Schedule 12 of the Bill is sweeping. It amends the time limit provisions in the Employment Rights Act, TUPE, the Working Time Regulations, TULRCA, the Equality Act, and others. It leaves very few stones unturned.
The change to six months is not as simple as it sounds.
Six months doesn’t mean six months.
Employees still get additional time to bring a claim due to Acas Early Conciliation. In discrimination cases, tribunals can extend time where it’s just and equitable. In unfair dismissal cases, tribunals can extend time where it wasn’t reasonably practicable to bring the claim earlier. So while the default has doubled, the margin for extensions remains.
Before the implementation of the Employment Rights Bill there are three urgent steps employers should be taking now:
1. Review and extend document retention policies. You may need to hold on to records for at least nine months after any incident – longer if litigation seems possible.
2. Reassess HR budgets and insurance cover. Longer claim windows are likely to trigger more claims, which in turn may raise premiums.
3. Strengthen internal grievance and appeal processes. With more time to raise and resolve issues before claim deadlines, early resolution becomes more viable.
For employees’ advisers, this means more time to build stronger claims.

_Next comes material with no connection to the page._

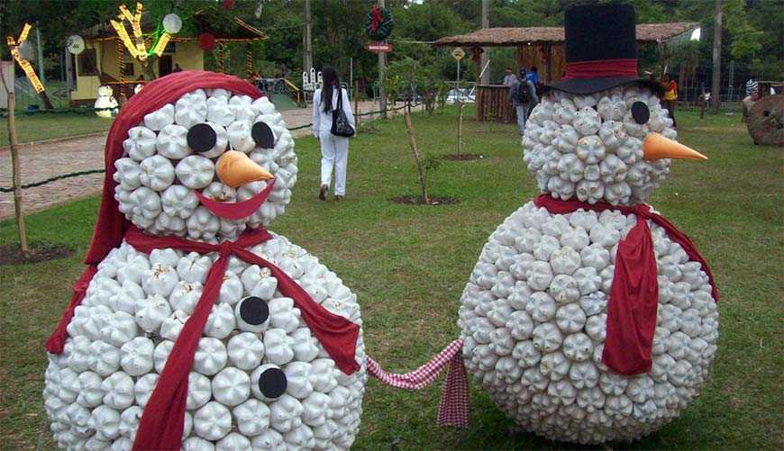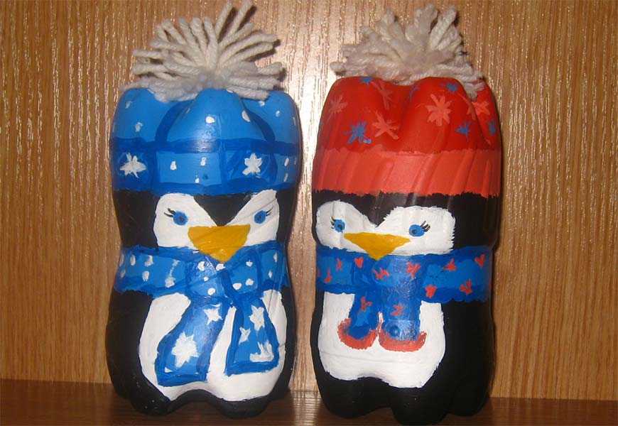 Новогодний декор из белых пластиковых бутылок «с талией» подойдет для снеговиков или пингвинов. Можно использовать черный лак для ногтей, чтобы прорисовать глазки и другие элементы, вату (снежок), блестки, мелкие пуговицы, бисер и всё, что под рукой. Забавные колпаки для персонажей – из цветных носков без пары, полоски трикотажа используют как шарфик.
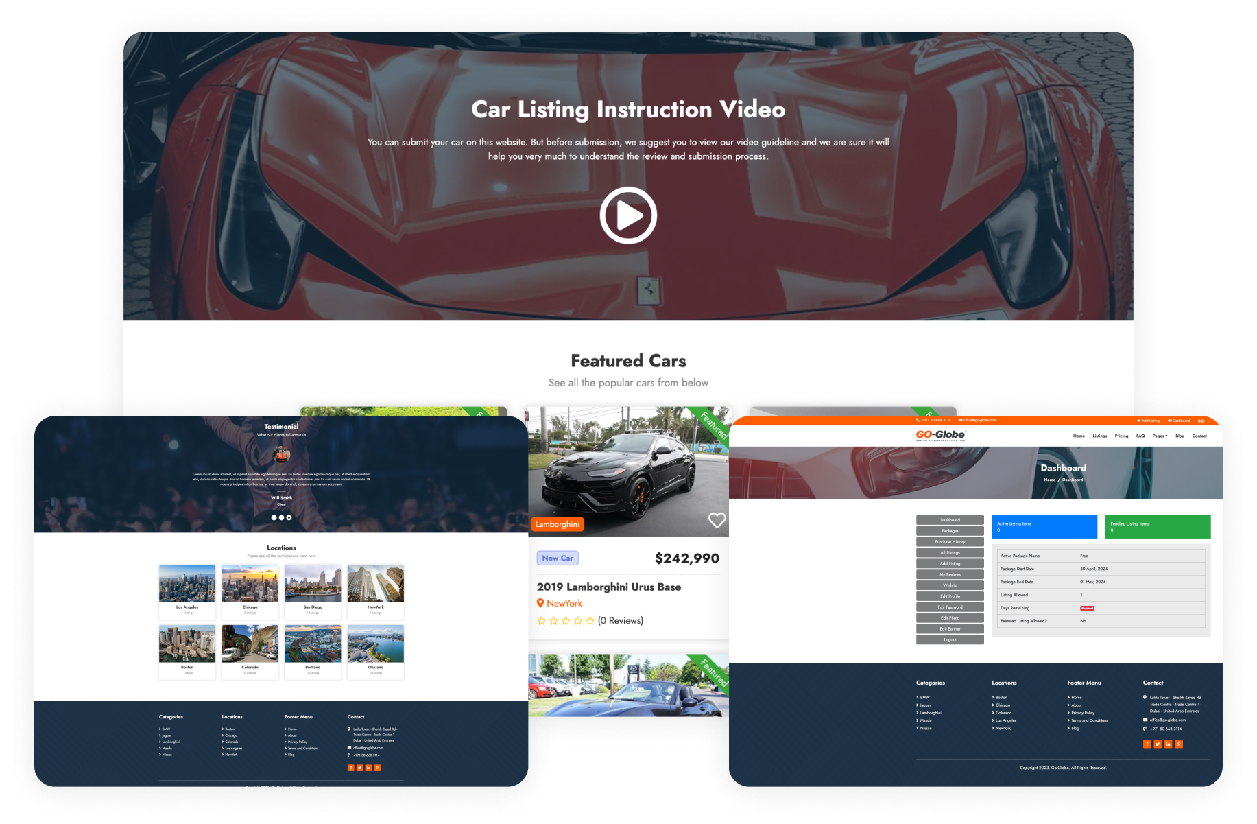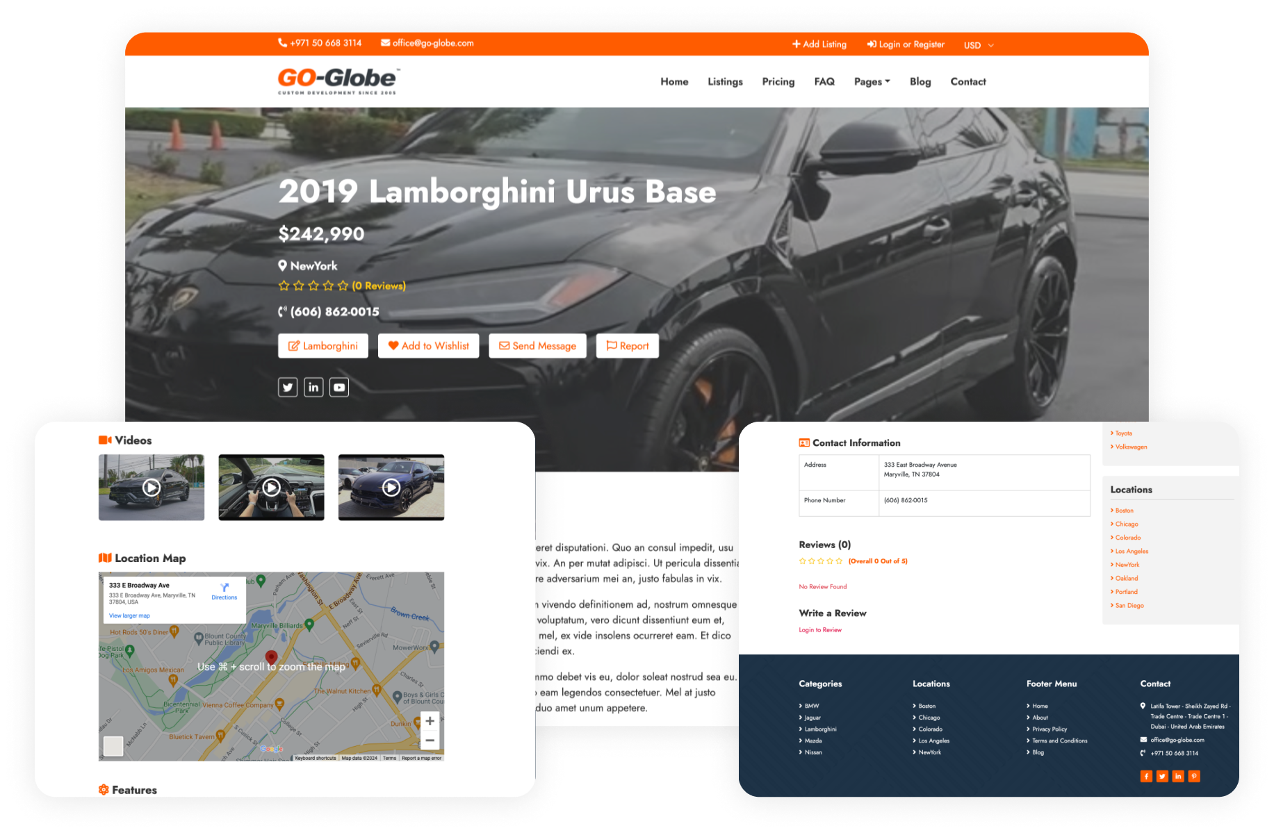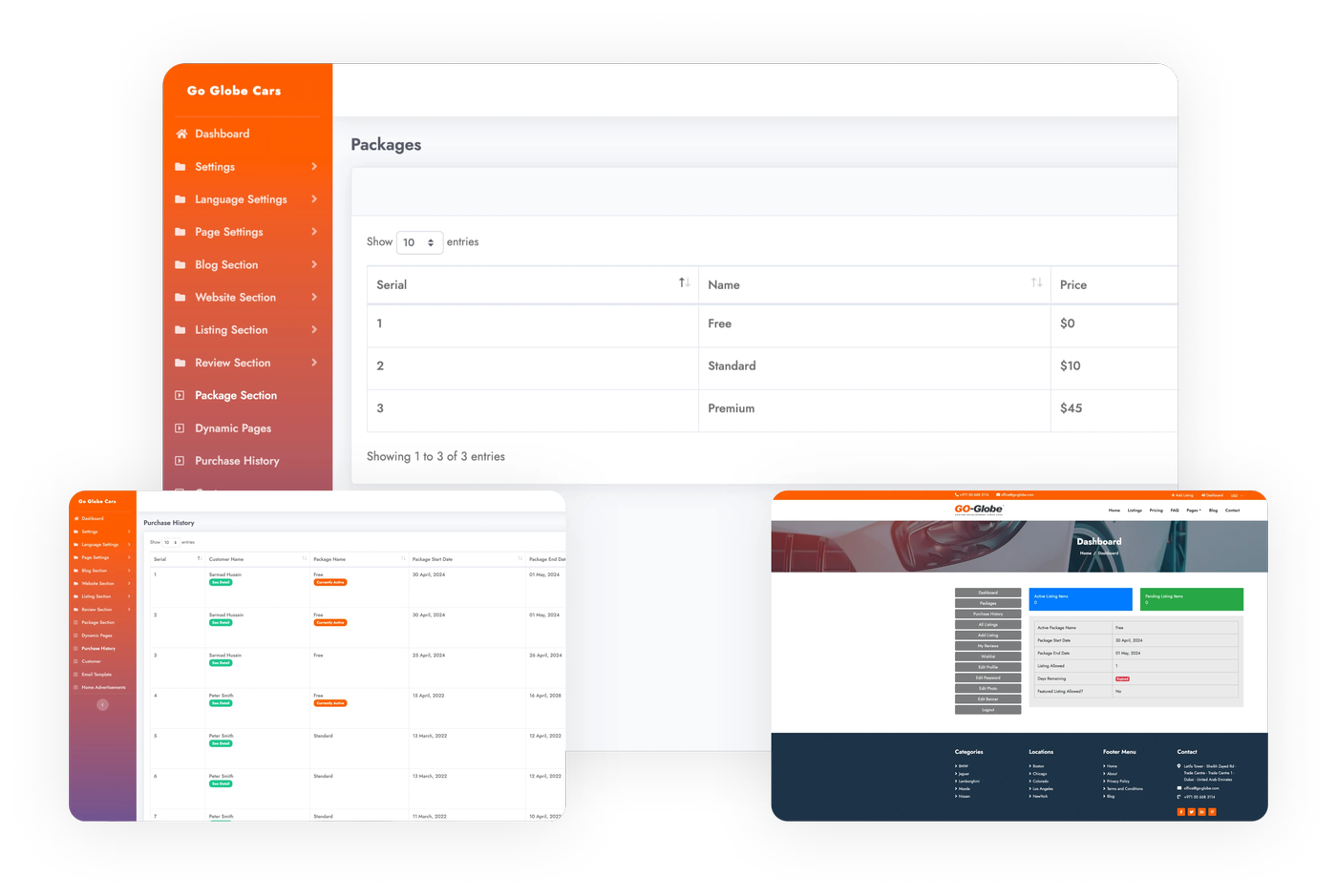 The car listing portal provides comprehensive functionalities for users and administrators. The front end comprises multiple sections such as Home, Currency, About, Pricing, Blog, Post Detail, Comment, Category Detail, Search, FAQ, Dynamic Page, Contact, Store Contact Form, Terms and Conditions, Privacy Policy, Listing Detail, Send Message, and Report Listing, all necessary for supervising a car management software.

More time for Subject Access Requests. More time to negotiate. And more time to bring cases that would previously have lapsed by the time an employee had found a solicitor.
The impact of this change will be felt across the board. More pressure. More paperwork. More litigation and more need for vigilance. This isn’t just a procedural change. It’s a fundamental rebalancing of the litigation landscape in employment law.
Three months was a sprint. Six months is a marathon. And you need to pace yourself accordingly.